• _Description of the task_: An exact copy of every line from the one holding "Caption on support" to the end of the entries below is required; leave the pictures out.
==========
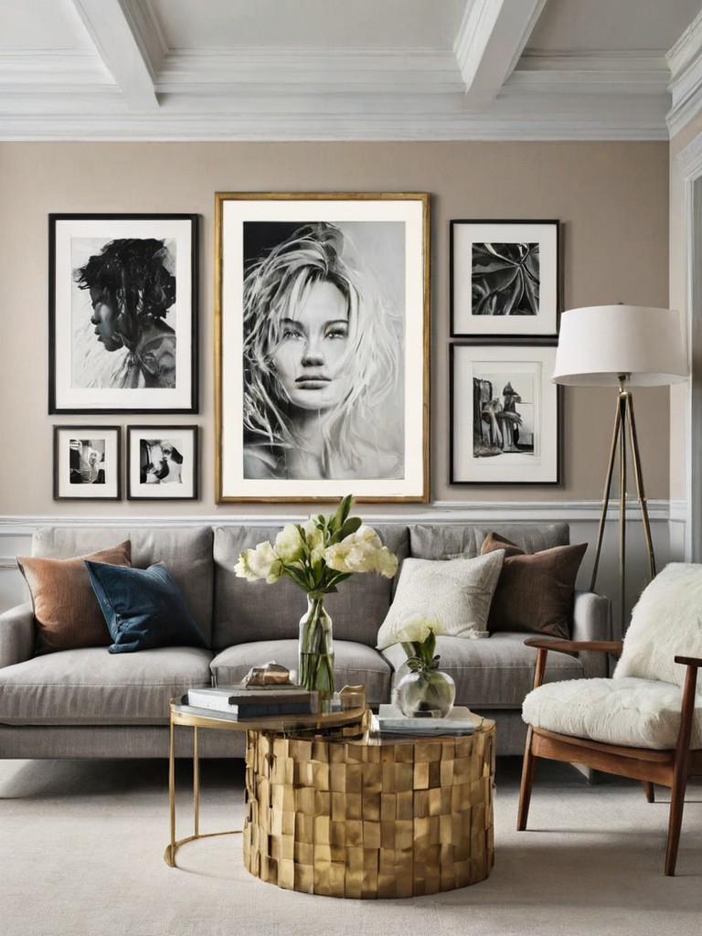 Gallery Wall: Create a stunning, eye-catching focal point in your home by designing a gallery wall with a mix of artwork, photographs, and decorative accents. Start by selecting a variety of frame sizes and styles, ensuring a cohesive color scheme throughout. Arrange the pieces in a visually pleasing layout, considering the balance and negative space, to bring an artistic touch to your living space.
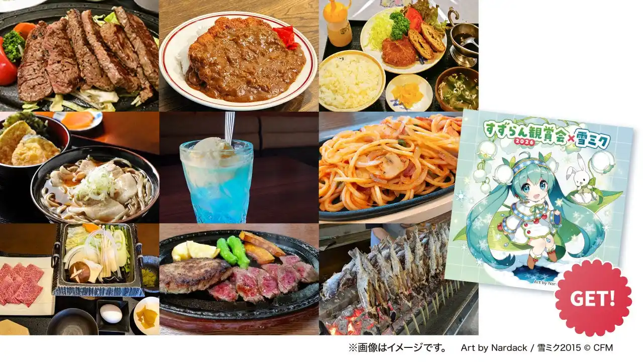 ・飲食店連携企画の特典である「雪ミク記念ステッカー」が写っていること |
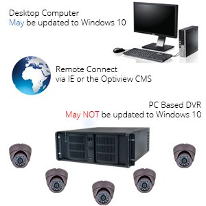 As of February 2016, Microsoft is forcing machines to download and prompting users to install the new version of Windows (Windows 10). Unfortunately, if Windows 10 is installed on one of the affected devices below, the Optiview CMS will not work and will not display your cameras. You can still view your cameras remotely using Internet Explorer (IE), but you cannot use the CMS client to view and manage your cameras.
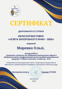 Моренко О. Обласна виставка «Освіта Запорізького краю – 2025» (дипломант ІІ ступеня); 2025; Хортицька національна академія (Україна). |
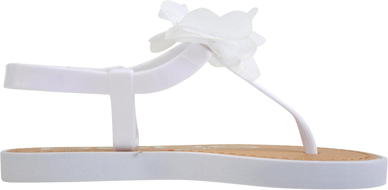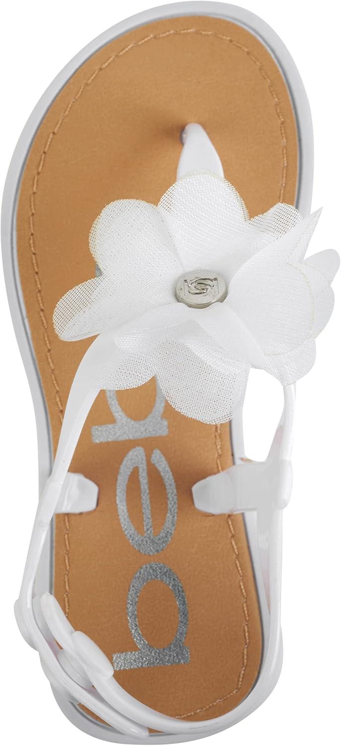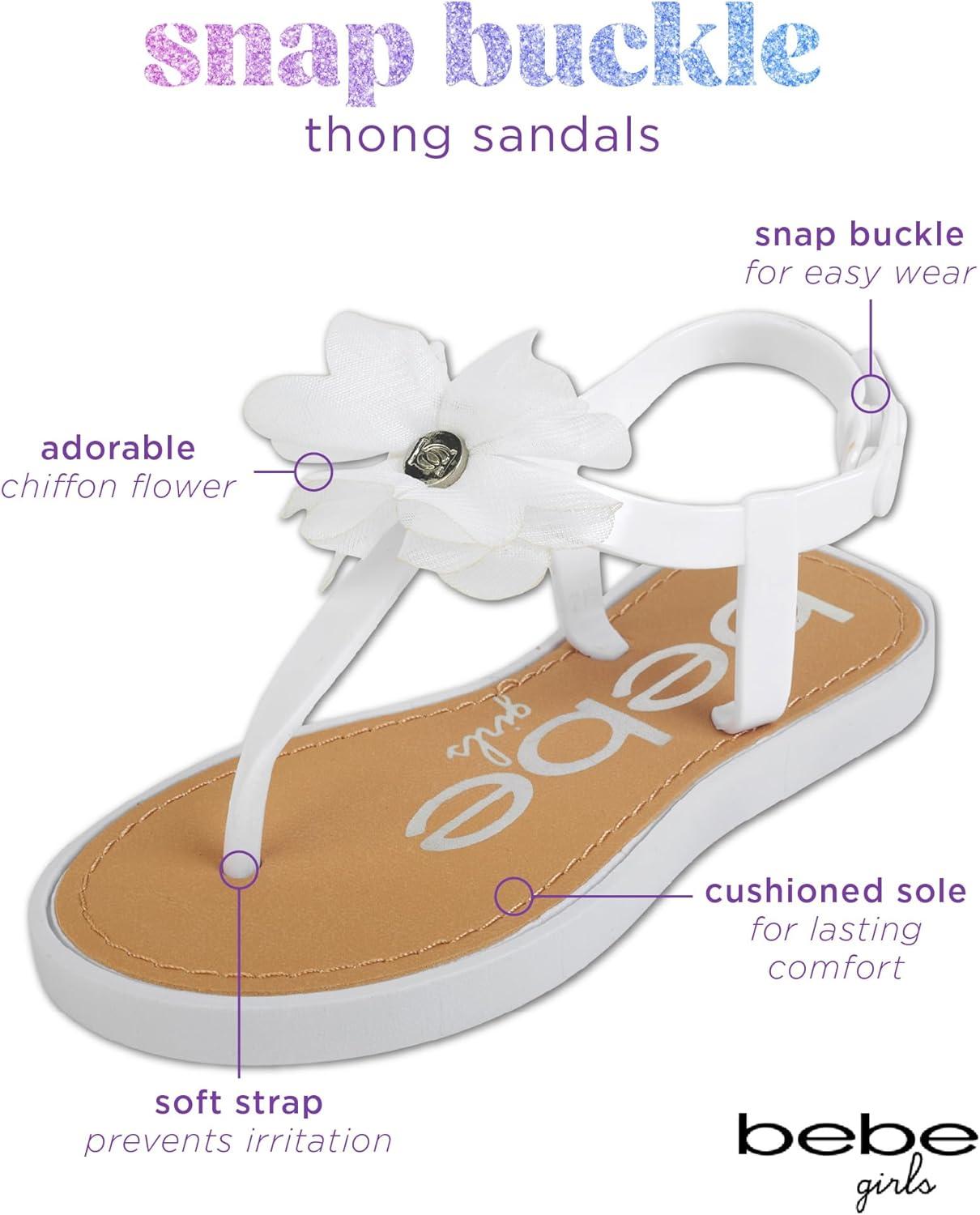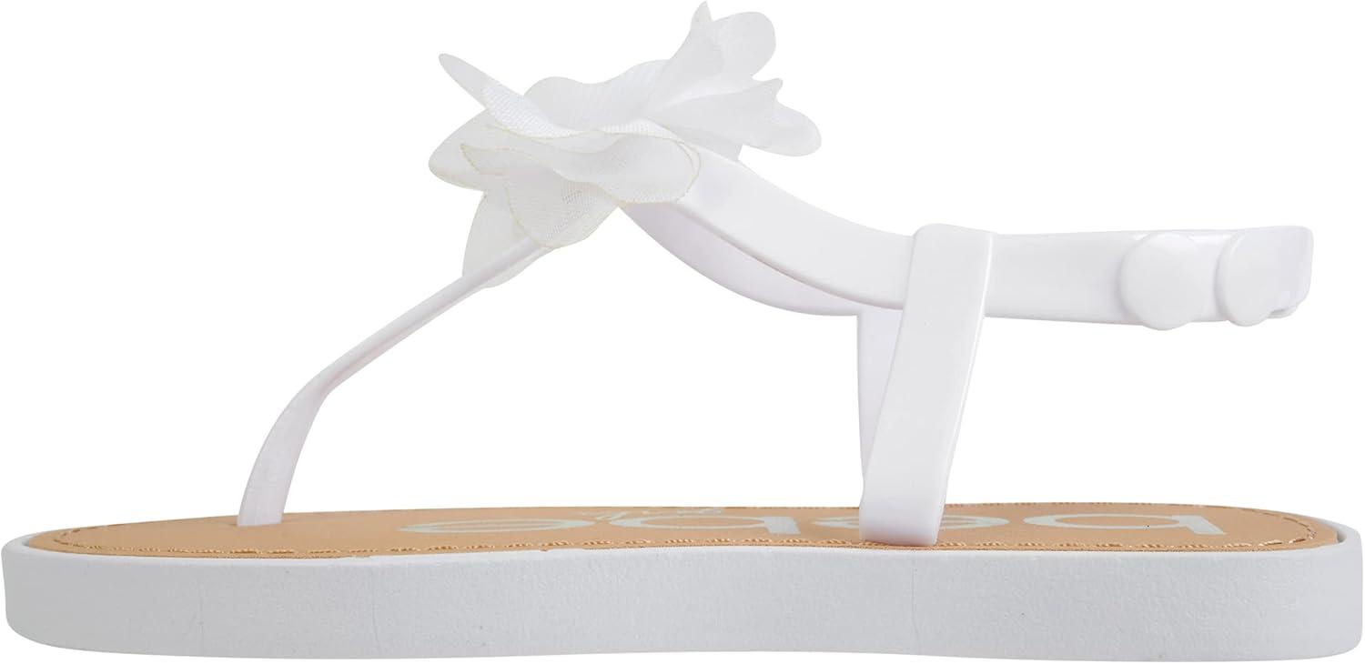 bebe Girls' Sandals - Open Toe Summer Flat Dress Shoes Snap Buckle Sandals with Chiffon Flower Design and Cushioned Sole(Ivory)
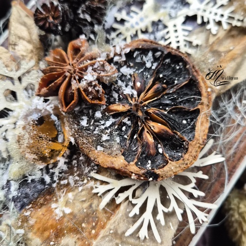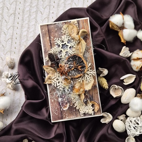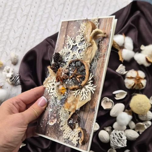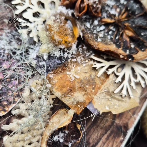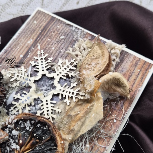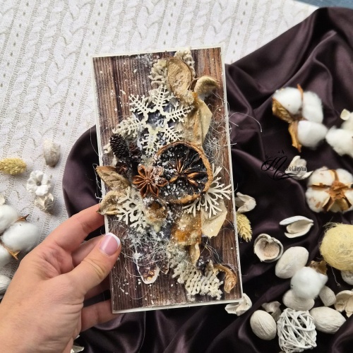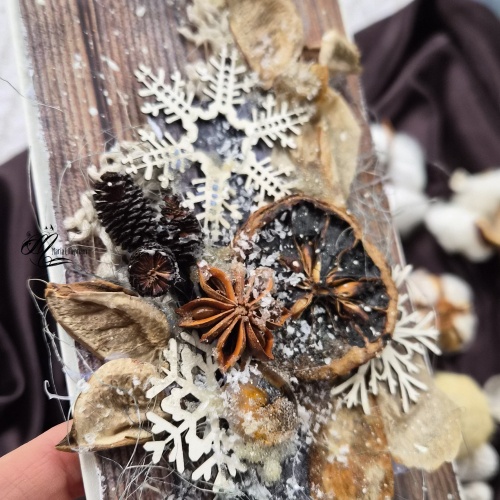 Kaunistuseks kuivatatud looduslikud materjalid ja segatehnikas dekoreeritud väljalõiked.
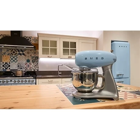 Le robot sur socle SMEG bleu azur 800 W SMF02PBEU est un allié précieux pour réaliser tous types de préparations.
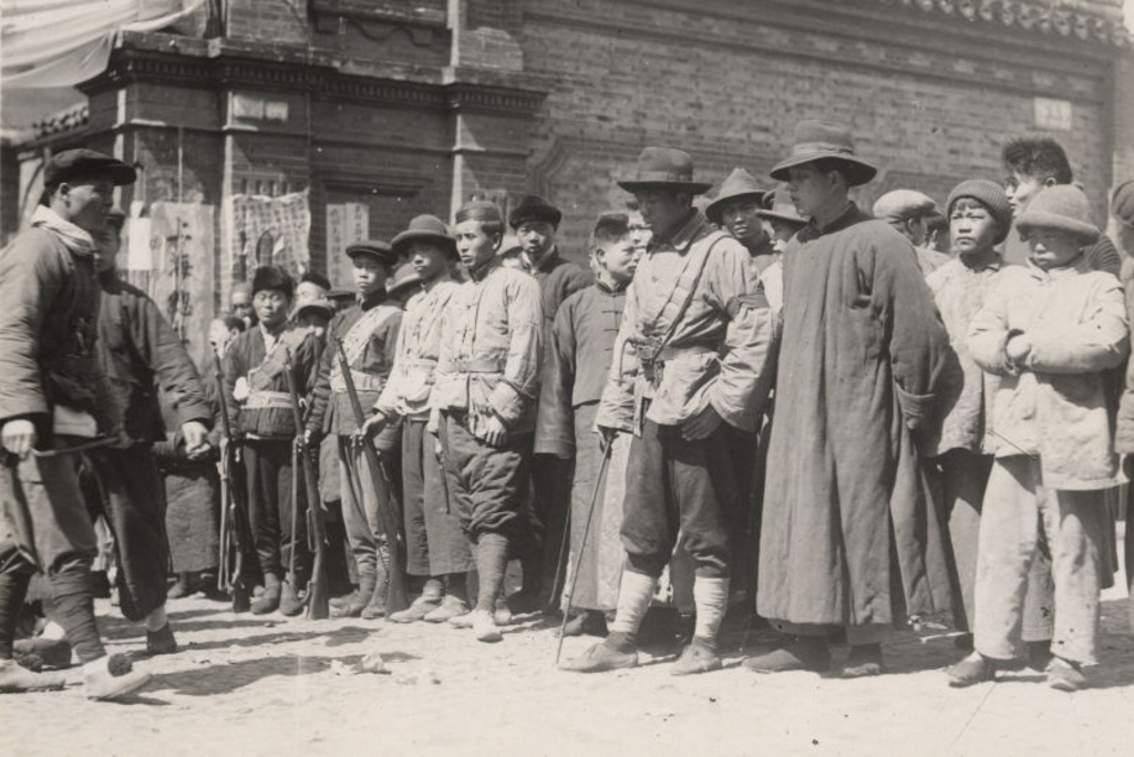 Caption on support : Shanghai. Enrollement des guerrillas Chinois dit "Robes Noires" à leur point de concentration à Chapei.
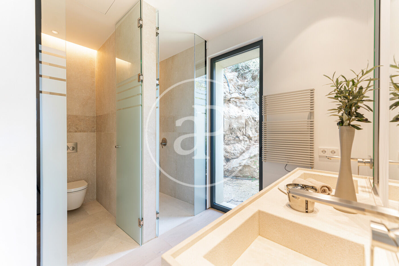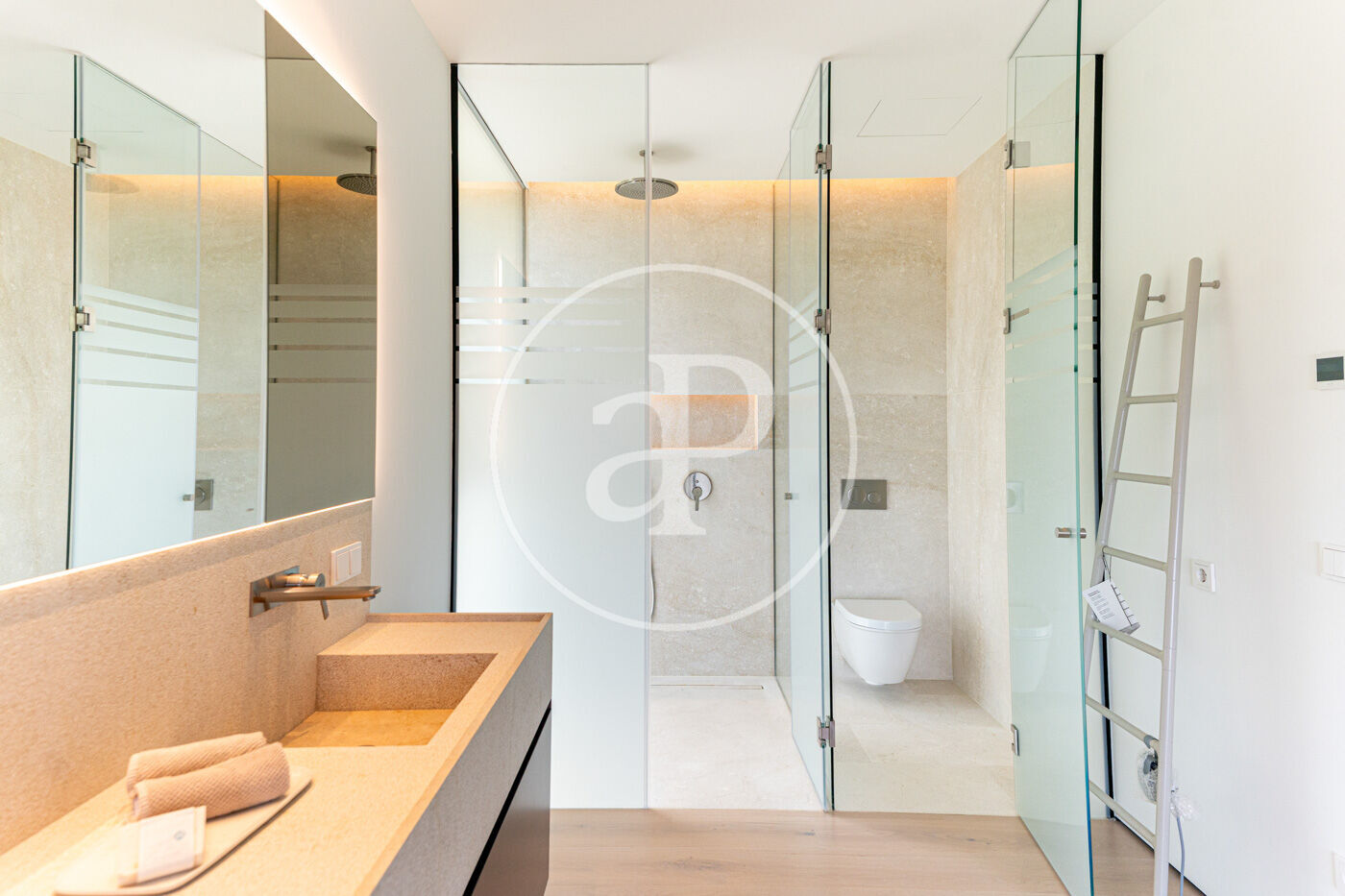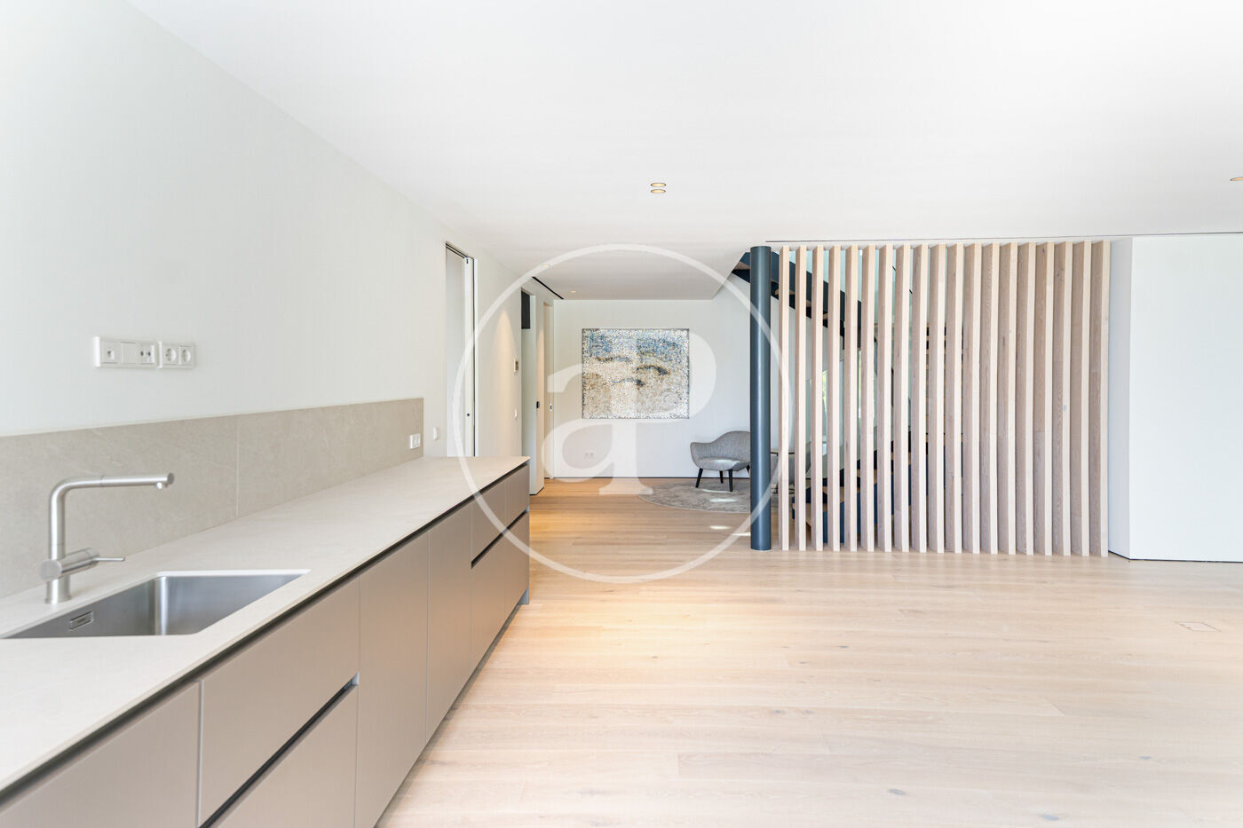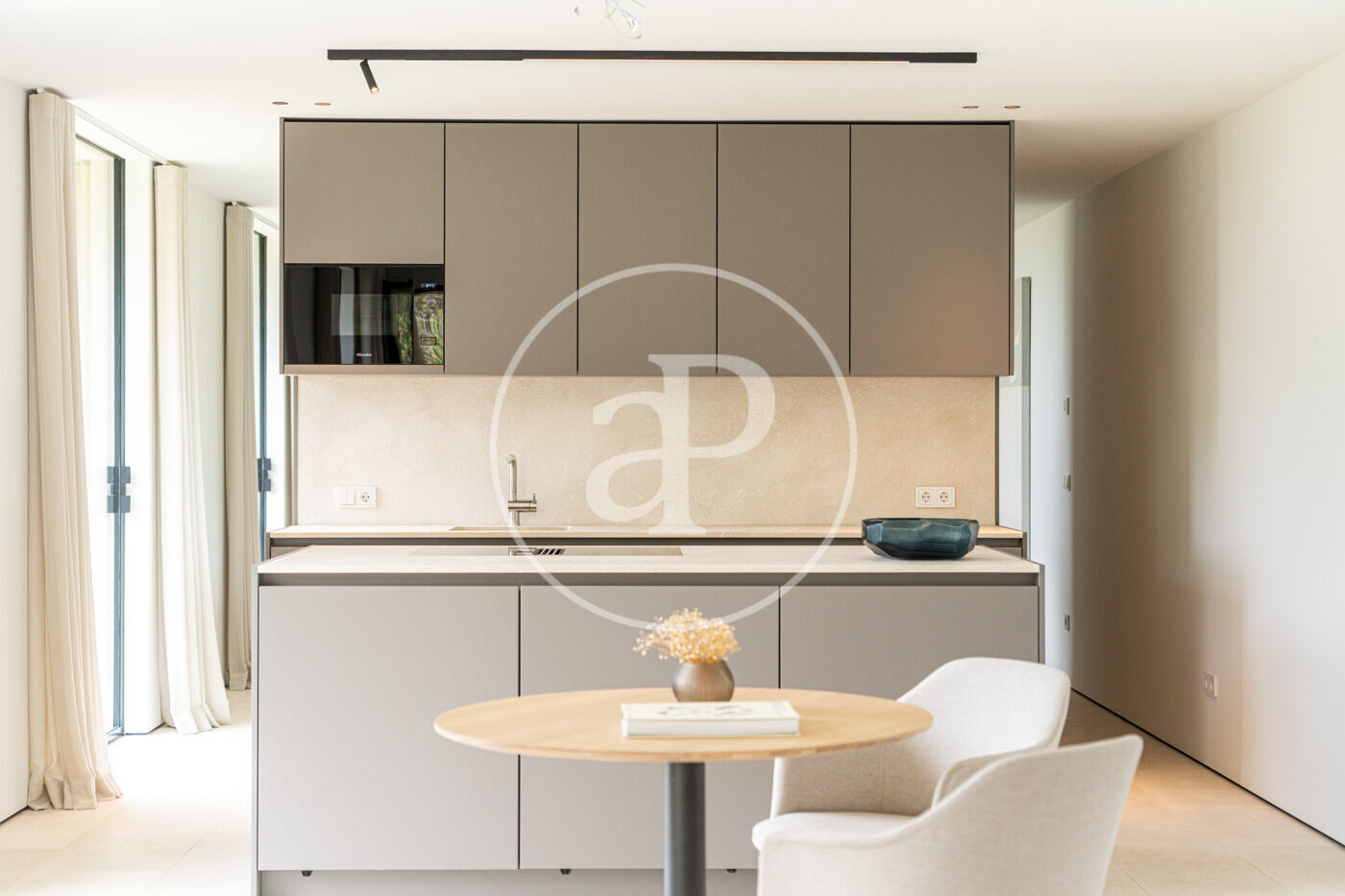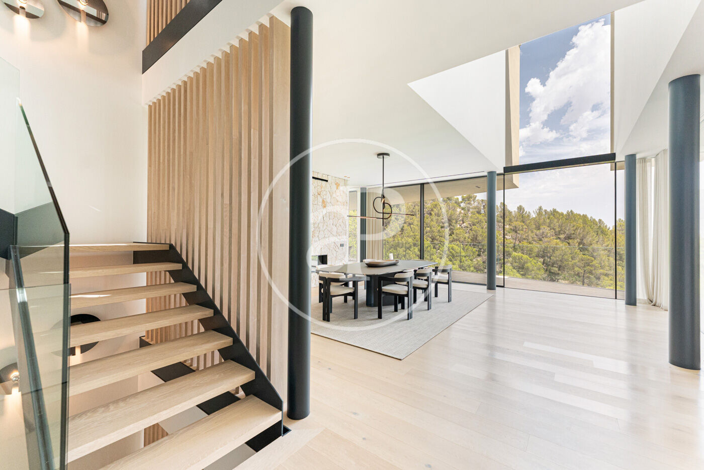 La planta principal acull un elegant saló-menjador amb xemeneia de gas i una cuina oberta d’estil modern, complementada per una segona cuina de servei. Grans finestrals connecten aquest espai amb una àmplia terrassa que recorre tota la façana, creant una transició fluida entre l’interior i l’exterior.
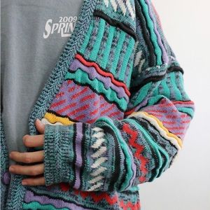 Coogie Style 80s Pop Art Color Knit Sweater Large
==========
• _Expected answer_:
 Caption on support : Shanghai. Enrollement des guerrillas Chinois dit "Robes Noires" à leur point de concentration à Chapei.
 La planta principal acull un elegant saló-menjador amb xemeneia de gas i una cuina oberta d’estil modern, complementada per una segona cuina de servei. Grans finestrals connecten aquest espai amb una àmplia terrassa que recorre tota la façana, creant una transició fluida entre l’interior i l’exterior.
 Coogie Style 80s Pop Art Color Knit Sweater Large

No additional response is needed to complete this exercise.